**DATA SHOWN:**
-=-=-

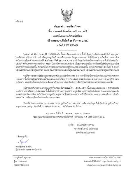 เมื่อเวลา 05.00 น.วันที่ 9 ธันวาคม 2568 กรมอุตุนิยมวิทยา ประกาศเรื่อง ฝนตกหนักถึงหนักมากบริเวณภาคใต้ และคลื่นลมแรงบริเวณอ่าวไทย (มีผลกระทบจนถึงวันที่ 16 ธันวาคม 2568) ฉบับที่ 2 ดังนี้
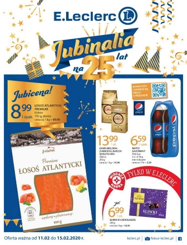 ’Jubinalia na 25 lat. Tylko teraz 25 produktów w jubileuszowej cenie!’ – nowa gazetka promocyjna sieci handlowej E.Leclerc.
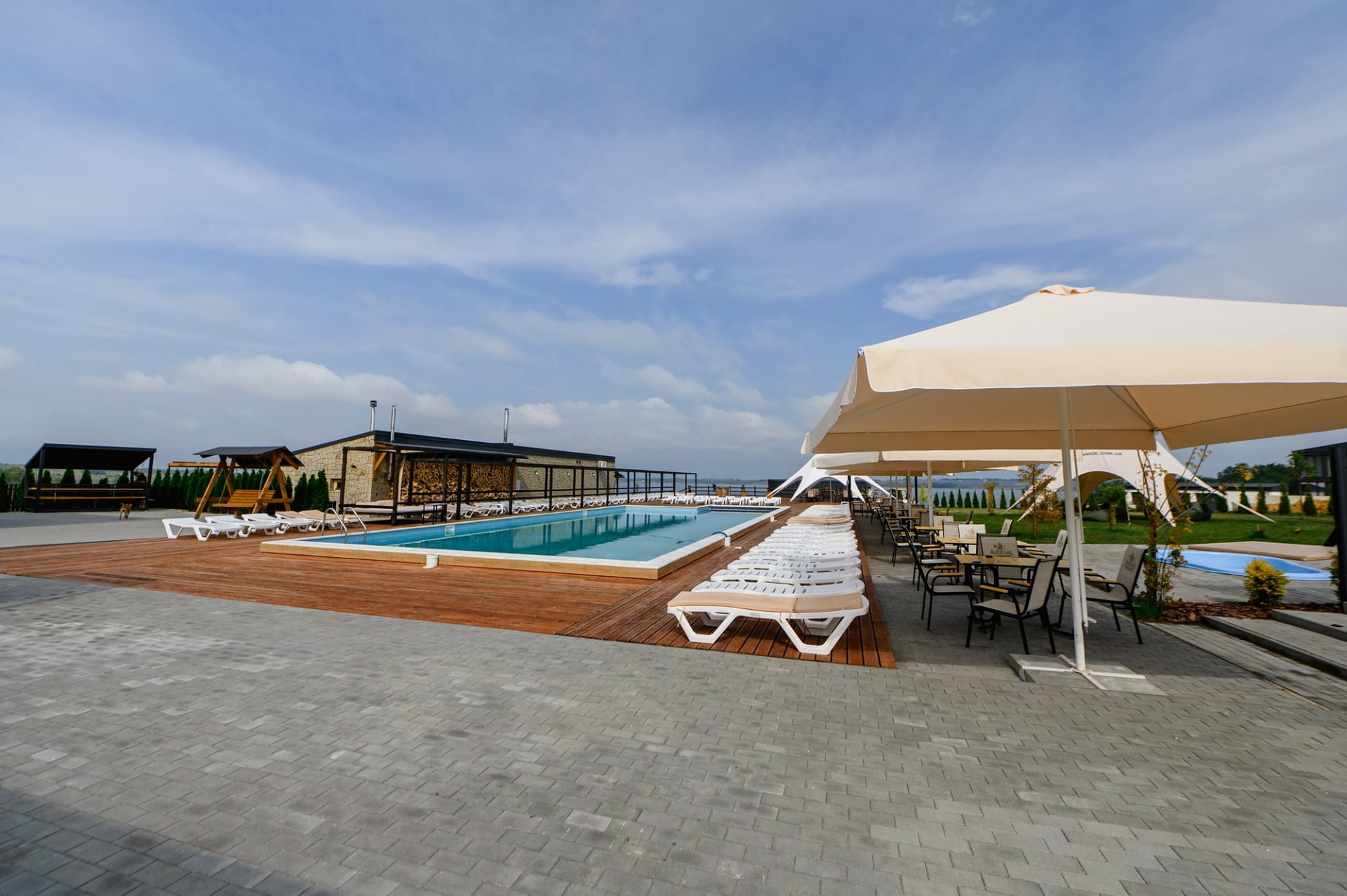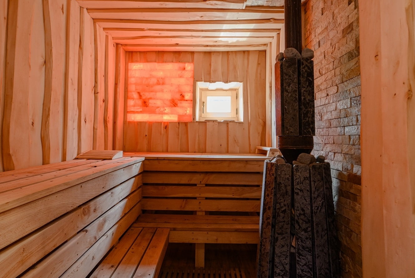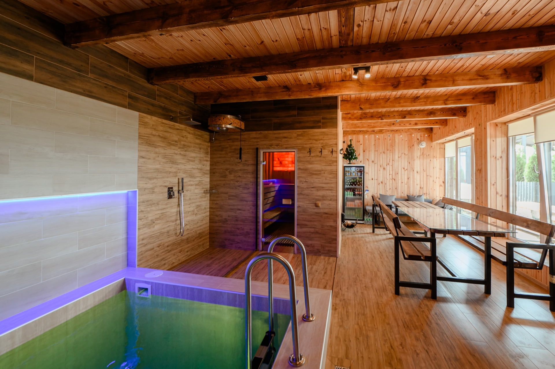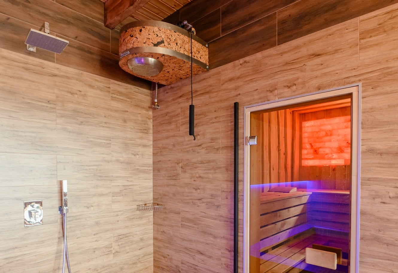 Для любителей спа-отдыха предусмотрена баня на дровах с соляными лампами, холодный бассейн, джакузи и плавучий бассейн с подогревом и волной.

-=-=-

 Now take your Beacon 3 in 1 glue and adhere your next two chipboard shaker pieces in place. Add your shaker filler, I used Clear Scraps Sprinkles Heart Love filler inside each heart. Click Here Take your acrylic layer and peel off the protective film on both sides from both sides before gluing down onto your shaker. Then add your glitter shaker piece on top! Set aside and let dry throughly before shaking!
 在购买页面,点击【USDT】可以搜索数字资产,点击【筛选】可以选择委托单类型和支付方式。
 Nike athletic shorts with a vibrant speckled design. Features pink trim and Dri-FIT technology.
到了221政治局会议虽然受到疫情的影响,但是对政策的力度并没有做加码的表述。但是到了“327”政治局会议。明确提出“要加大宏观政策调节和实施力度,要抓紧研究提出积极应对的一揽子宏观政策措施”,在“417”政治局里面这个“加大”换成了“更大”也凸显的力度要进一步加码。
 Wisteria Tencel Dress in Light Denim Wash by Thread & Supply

-=-=-

**TASK DETAILS:** Among the records above, only the lines between the line holding "到了221政治局会议虽然受到" and the line holding "Wisteria Tencel Dress", inclusive, are to be output, exactly as written.

**SOLUTION BELOW:**
到了221政治局会议虽然受到疫情的影响,但是对政策的力度并没有做加码的表述。但是到了“327”政治局会议。明确提出“要加大宏观政策调节和实施力度,要抓紧研究提出积极应对的一揽子宏观政策措施”,在“417”政治局里面这个“加大”换成了“更大”也凸显的力度要进一步加码。
 Wisteria Tencel Dress in Light Denim Wash by Thread & Supply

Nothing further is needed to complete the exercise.